Carrier Long March 2-D rocket blasts off at the Jiuquan Satellite Launch Center in Gansu province, Dec 17, 2015, sending into space the country's first Dark Matter Particle Explorer Satellite. [Photo/Xinhua] |
China on Thursday sent into space the country's first space telescope in a fresh search for signals of dark matter, invisible material that scientists say makes up most of the universe's mass.
The Dark Matter Particle Explorer (DAMPE) Satellite, which has been given the moniker "Wukong" after the Monkey King from the Chinese classical fiction "Journey to the West," was launched at 8:12 a.m. Thursday on a Long March 2-D rocket from Jiuquan Satellite Launch Center.

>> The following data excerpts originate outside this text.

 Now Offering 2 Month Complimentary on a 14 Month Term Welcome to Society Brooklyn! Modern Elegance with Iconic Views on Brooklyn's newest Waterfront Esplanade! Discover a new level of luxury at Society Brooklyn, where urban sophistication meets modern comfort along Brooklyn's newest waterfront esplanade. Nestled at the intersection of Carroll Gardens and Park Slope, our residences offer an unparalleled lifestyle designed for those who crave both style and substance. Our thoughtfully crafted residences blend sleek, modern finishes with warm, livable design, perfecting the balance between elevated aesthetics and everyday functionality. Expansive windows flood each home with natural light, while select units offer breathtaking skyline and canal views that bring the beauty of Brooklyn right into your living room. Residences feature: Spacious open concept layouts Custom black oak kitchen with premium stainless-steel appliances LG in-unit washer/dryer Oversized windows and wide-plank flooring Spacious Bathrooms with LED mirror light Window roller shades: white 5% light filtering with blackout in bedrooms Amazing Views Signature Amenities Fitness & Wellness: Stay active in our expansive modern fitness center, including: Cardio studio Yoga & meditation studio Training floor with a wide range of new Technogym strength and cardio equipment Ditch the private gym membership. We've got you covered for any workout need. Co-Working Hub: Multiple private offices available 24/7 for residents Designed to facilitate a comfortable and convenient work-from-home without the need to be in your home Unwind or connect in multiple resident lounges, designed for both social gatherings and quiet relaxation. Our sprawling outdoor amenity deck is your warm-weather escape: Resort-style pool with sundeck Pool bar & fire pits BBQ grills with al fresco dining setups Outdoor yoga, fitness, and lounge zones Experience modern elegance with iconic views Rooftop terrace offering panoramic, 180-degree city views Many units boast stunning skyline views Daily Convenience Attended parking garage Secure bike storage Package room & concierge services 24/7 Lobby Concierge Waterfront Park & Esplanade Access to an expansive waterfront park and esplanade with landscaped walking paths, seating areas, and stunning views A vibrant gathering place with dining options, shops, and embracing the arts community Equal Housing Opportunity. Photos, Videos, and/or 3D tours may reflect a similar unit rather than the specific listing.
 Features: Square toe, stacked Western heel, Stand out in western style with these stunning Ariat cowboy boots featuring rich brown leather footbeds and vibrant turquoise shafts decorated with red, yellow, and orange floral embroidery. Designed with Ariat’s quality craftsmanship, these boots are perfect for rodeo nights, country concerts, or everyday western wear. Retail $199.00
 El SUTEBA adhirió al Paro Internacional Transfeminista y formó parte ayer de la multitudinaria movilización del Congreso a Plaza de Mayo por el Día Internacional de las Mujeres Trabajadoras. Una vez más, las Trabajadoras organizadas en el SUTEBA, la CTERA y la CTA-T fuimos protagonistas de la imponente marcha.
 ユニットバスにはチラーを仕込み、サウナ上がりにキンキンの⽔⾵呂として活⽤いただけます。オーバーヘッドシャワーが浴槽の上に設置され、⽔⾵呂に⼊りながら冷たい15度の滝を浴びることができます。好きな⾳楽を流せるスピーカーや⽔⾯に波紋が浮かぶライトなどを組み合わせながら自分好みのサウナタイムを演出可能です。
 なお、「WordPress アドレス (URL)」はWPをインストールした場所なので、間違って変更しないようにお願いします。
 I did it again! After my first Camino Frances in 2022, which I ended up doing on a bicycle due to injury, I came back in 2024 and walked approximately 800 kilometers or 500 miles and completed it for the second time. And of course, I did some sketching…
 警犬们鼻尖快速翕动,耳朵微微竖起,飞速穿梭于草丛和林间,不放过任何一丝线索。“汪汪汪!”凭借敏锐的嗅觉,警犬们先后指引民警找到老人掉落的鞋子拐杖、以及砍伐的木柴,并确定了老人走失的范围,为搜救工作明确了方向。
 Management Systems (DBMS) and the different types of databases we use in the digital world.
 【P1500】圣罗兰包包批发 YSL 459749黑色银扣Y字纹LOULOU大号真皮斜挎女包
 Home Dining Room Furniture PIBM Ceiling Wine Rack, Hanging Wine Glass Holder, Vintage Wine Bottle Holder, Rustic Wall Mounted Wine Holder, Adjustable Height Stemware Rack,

It will enter a sun-synchronous orbit at a height of 500 kilometers to observe the direction, energy and electric charge of high-energy particles in space.
The satellite is designed to undertake a three-year space mission, but scientists hope it could last five.
They also hope the 1.9-tonne desk-sized satellite could help shine more light on the hypothetical mass during that short period.
Dark matter, which does not emit or reflect enough electromagnetic radiation to be observed directly, is one of the huge mysteries of modern science.
Theorized by scientists who could not understand missing mass and strangely bent light in faraway galaxies, dark matter has become widely accepted in the physics community even though its existence has never been concretely proven.
Scientists now believe that only around five percent of the total mass-energy of the known universe is made up of ordinary matter -- protons, neutrons, electrons -- whereas dark matter and dark energy make up the rest.
Exploration of dark matter could, therefore, give us a clearer idea about the past and future of galaxies and the universe, and will be revolutionary for the world of physics and space science, said Chang Jin, chief scientist on the project.
Shedding light on dark matter
Hints of the true nature of dark matter have already emerged from some previous observations, including those conducted by the Alpha Magnetic Spectrometer onboard the International Space Station and by the Large Hadron Collider (LHC) at the CERN physics research center near Geneva, Switzerland.
China also runs an underground dark matter lab in the southwest province of Sichuan, some 2,400 meters under the earth's surface.
So far, scientists have developed three investigative methods -- a particle accelerator that "creates" dark matter particles; special targets underground to see the traces left by colliding dark matter particles; and the calculation of dark matter particles' annihilation or decay that are in space, which help calculate details and space distribution.
DAMPE will support research using the third method, scientists are hoping the findings will help clarify previous observation results and lift the "invisible cloak" of dark matter.
"This is like tracking down the 'son' of dark matter -- if you cannot find the father, you go to the son and you could learn about at least some properties of his father," said Chang.
Wukong will scan space in all directions in the first two years and focus on sections where dark matter is most likely to be observed afterward.
More than 100 scientists will study the data. Initial findings will be published in the second half of 2016.